Entries taken from a collection:
----------
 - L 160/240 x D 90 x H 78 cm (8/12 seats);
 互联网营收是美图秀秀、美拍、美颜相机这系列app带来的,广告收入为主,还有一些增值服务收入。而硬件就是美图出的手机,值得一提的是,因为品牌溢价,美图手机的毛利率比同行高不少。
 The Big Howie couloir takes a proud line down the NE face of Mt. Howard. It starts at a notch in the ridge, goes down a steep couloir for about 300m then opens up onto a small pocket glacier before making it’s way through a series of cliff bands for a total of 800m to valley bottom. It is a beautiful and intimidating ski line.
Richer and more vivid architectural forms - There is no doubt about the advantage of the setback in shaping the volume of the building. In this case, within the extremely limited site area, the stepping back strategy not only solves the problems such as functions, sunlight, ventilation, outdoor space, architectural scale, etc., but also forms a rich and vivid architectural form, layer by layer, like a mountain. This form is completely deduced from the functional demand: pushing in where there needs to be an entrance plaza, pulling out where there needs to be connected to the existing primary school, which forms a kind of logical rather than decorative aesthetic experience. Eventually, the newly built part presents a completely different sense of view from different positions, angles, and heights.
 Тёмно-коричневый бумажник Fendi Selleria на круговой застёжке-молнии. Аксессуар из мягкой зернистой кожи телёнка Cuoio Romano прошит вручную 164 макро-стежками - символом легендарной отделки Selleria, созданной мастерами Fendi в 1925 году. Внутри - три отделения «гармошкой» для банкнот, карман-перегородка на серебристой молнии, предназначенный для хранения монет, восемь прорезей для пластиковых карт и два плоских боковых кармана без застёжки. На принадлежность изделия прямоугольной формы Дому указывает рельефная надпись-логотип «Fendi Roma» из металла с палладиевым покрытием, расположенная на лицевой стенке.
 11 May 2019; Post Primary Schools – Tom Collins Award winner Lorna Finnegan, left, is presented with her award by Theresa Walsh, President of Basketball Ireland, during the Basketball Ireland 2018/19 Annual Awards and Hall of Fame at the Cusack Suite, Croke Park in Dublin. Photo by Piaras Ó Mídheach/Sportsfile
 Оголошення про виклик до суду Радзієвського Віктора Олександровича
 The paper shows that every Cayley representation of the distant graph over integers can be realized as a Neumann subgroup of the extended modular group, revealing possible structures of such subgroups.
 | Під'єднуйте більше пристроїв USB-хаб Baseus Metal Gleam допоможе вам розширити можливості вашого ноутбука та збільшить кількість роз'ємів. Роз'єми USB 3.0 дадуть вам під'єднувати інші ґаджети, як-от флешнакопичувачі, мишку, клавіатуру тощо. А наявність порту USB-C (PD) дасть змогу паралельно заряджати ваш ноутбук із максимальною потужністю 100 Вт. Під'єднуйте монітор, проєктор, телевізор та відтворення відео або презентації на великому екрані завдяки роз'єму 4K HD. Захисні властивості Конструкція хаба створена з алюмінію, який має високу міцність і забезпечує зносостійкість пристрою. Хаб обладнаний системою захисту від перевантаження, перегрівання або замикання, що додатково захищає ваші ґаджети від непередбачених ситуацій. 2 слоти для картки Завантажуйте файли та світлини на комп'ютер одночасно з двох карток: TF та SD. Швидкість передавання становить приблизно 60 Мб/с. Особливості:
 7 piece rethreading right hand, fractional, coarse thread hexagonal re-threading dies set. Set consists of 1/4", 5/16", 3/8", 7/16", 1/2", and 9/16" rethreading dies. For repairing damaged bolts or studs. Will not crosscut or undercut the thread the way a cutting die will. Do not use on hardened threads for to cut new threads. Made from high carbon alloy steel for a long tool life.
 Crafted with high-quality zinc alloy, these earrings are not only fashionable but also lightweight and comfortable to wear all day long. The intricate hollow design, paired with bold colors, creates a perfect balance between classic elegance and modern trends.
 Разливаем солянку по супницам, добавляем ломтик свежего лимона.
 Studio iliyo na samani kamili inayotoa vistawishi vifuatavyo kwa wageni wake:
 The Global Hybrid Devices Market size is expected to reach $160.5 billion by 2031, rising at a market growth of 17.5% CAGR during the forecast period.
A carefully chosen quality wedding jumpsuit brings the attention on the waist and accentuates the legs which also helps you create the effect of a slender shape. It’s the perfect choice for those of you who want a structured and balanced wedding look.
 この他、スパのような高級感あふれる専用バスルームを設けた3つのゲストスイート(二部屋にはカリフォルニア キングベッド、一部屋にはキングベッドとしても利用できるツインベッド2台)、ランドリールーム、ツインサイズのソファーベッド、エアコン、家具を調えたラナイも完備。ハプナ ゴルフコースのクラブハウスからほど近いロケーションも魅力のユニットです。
----------
Exercise directions: Show the lines of the data that hold the word "perfect".

Response to the task:
 Crafted with high-quality zinc alloy, these earrings are not only fashionable but also lightweight and comfortable to wear all day long. The intricate hollow design, paired with bold colors, creates a perfect balance between classic elegance and modern trends.
A carefully chosen quality wedding jumpsuit brings the attention on the waist and accentuates the legs which also helps you create the effect of a slender shape. It’s the perfect choice for those of you who want a structured and balanced wedding look.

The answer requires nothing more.